And so I started-- I read everything in sight. And I started actually building telescopes when I was seven or eight. And the moon landing was when I was 10. And my parents let me stay up late to watch the first-- to see Neil Armstrong walk on the moon. And well, I knew that that was what I wanted to do.
And I never, never, ever, for a moment deviated from that. And I did it. I said I was going to do it, and I did. I mean, I didn't know what I wanted to do, but I wanted to study space.
INTERVIEWER: How, when you got to Penn, how did you determined that that combination of geology an astrophysics was the right mix?

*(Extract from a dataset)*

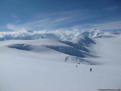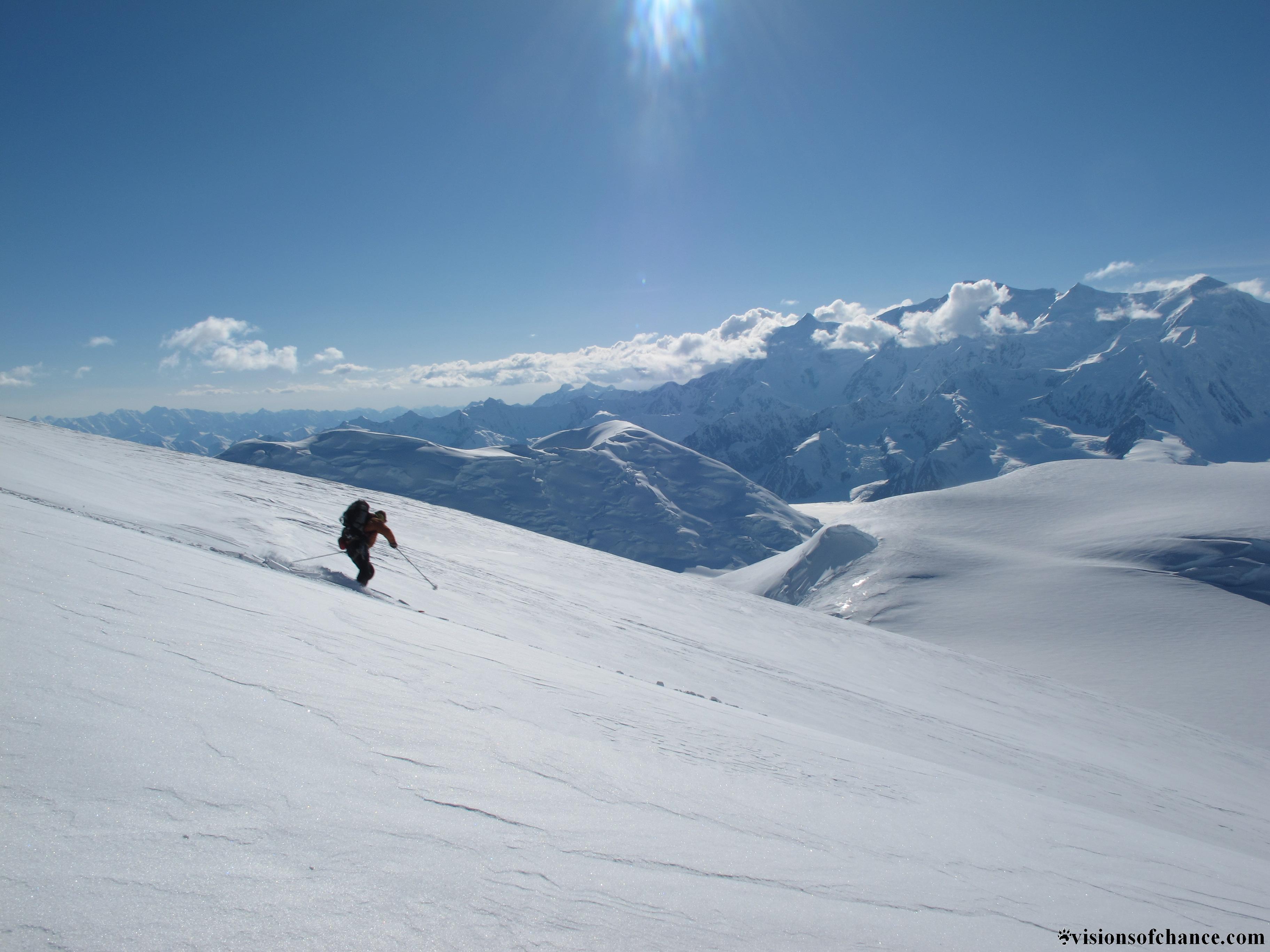 The fine weather continued the next day, which we spent acclimatizing by skiing on the heavily glaciated ridges defining the edges of the Upper Walsh glacier. A steep 1000′ shot on a South face to start, and the photo’s below show run #2, 2000′ of NW facing boot top powder.

ZUBER: Oh, well, it was, so I majored in Astronomy and Astrophysics. And it was, actually, it was really, it only happened because I finished my major like a year early. And I got through all my coursework, and then I took an engineering class. I thought about-- I was thinking about graduate school. And I was trying to decide between Astronomy, Astrophysics, Engineering.
And then I took Geophysics because it had physics in it. I said, that's good, physics, I like physics, so I'll take Geophysics. And then I realized that I had so many basic science courses that I could actually get a Geology major in a year, because I had taken so many courses. So I just I picked that up the last year. And then when I applied to graduate school, I applied to astronomy departments, engineering departments, and geology departments. And then just took it from there.
INTERVIEWER: And why did you pick Brown?
ZUBER: Let's see. That's well, actually when I was an undergraduate at Penn, and you have to go see some advisor, the advisor says, oh, you should be applying to MIT for graduate school. You're a good student. You should think about MIT. And I remember saying, I don't want to go to any nerd school. I want to go to a nice Ivy League school with a good program so I can go to piano recitals at lunch, and I can go to lectures on novels. I don't want to go to any school with vector heads, you know?
And of course, I'm the biggest nerd there is this. I mean, I studied all the time. But that's what I thought. So I didn't actually ever apply to MIT. And my advisor was actually my high school teacher. He wanted me to apply to MIT. And I kind of said the same thing to him. So he was very disappointed. My undergraduate advisor was disappointed. But things fall out. Here I am.
INTERVIEWER: That advisor had the last laugh. Can you talk a little bit about that experience of seeing the Voyager images of Jupiter?
ZUBER: Ah, Voyager. Yeah. Well, I was in a bar and they had the images going by of the Voyager flyby of Jupiter. And they were showing the pictures of it. And it was really the first time any human had seen that in that way. I mean, you could see Jupiter through a telescope. And we actually had some pioneer images of Jupiter.
But what Voyager showed was just completely different. And it showed the moons. And I was looking at that. And I thought to myself, you know, you could make a killing. If nobody ever knew anything before and then you have information that no one else had, and you studied it, you could make a killing.
And you know, science has gotten very compartmentalized and very detailed, where, to go make an original contribution, I mean, it's very common in science to apply a reductionist approach, where you go in, you look at a system and you break it down.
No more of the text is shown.